Most of you may have already heard/ read/ watched Saez-Cirion's presentation on Monday 20th July where he presented data on a new post-treatment controller. To recap:
Born at 37(+5d)/40 and mum on mono ddC since 13/40 with uncontrolled viremia 4.63M RNA copies, CD4 T-cells 81 and CD4/8 ratio 0.16. Baby was given ZDV prophylaxis immediate, RNA was undetectable at d3 and DNA ind at d3, d14 then positive at W4. ZDV was unfortunaelt interrupted at W6 and HIV-RNA reached a peak of 2.1x106 copies/ml at 3 months of age when cART (zidovudine, lamivudine, didanosine, ritonavir) was initiated. HIV-RNA was undetectable one month later and remained below assay-detection limits while on cART, except at 15 and 21 months of age. Between 5.8 and 6.8 years of age cART was discontinued by the family but HIV-RNA was undetectable when the child returned to clinical care at 6.8 years of age and cART was not resumed. HIV-RNA has remained < 50 copies/ml for more than 12 years except for 2 blips. This was not due to HLA type and raised the possibility if a defective provirus or an immune mediated phenomenon.
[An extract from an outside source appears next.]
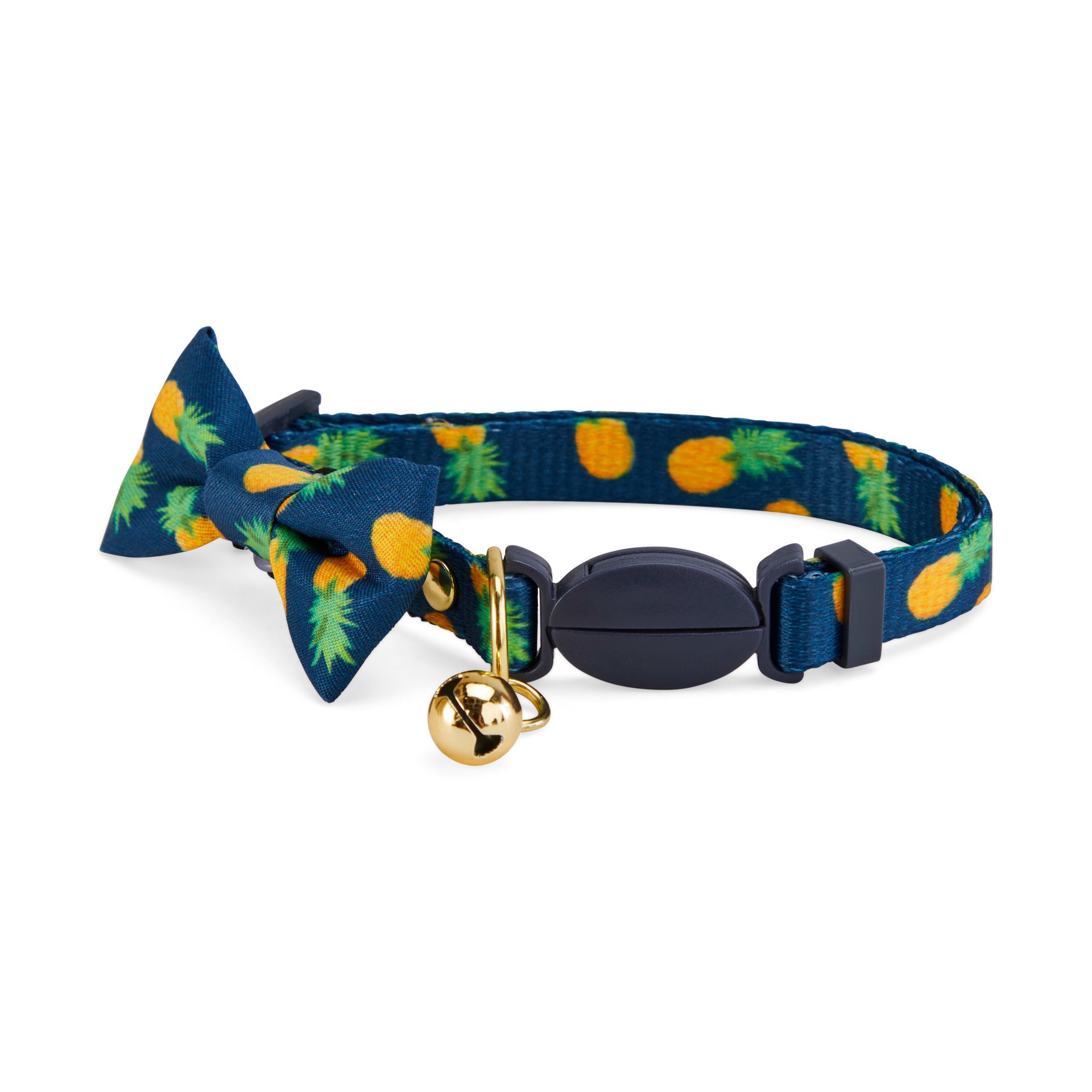 YOULY Navy Pineapple Print Breakaway Bow Tie Cat Collar

Locally in Melb, we've seen a few unique post treatment controllers and elite controllers recently and are currently interested in exploring their immunological, virological and HLA features. You may have seen a few in your practice too and we'd be interested to hear from you.
There was also some debate about the role of structured treatment interruption in this meeting. See also "ultrastop" data (Katlama). Should we risk-stratify? Do we know how to risk-stratify? Is it safe? How closely should we monitor? Is it necessary?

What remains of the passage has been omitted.